Good ADTs hide implementation details:

# Good: Implementation hidden
class Stack:
    def __init__(self):
        self._data = []  # Private variable (by convention)

    def push(self, item):
        self._data.append(item)

    # Users can't directly access self._data

# Bad: Implementation exposed
class BadStack:
    def __init__(self):
        self.data = []  # Public - users can mess with it!

    def push(self, item):
        self.data.append(item)

# Problem with bad design:
bad_stack = BadStack()
bad_stack.data = "oops!"  # Breaks the stack!
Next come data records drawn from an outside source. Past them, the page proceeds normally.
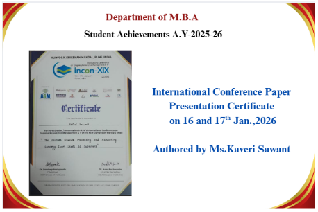 | 5 | 2017-18 | MBA II | Ms.Vaishnavi Lalgunkar | Book Review Competition |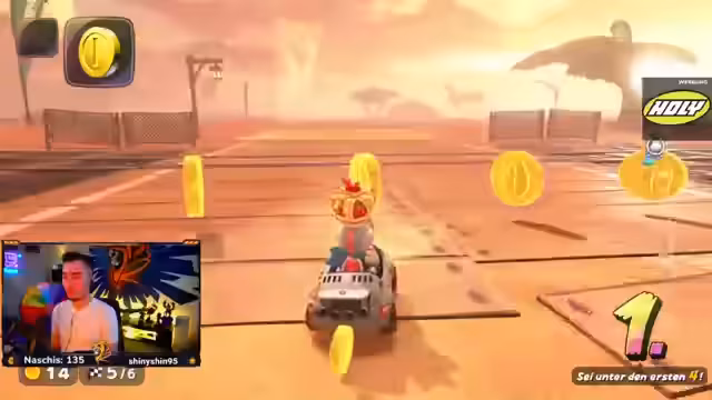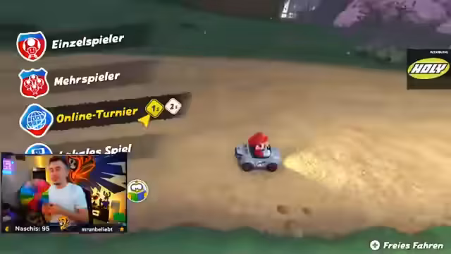00:33:23Nach einer kurzen Unterbrechung wegen des Scam-Rads wird eine Werbepartnerschaft mit "Holy Energy" beworben. Der Streamer empfiehlt einen Geschmack des proteinhaltigen Eistees und nennt einen exklusiven Gutscheincode. Kurz darauf wechselt der Streamer zur "Mario Kart"-Version "Mayo Kart World", um seine Ziel verfolgen, sammelt aber zunächst nur wenige Münzen und beklagt den geringen Spielkomfort im Vergleich zur Solo-Karte.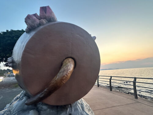 長部田海床路に鎮座するジンベエ像

ADT vs Data Structure vs Implementation:

  • ADT (Abstract): The concept/interface (e.g., “Stack”)
  • Data Structure (Logical): How data is organized (e.g., “Array” or “Linked List”)
  • Implementation (Physical): Actual code in a programming language

Example:

ADT: List
├─ Data Structure: Array
│  └─ Implementation: Python's list class
└─ Data Structure: Linked List
   └─ Implementation: Custom LinkedList class

Real-world analogy:

  • ADT = “Car” (steering wheel, gas pedal, brake)
  • Implementation = Electric car vs Gas car (different engines, same interface)
  • You can drive both because the interface is the same, even though the internal mechanisms differ

Key Takeaway: When designing systems, think in terms of ADTs first. Define the operations you need, then choose or create an implementation. This makes your code more flexible, maintainable, and easier to optimize later.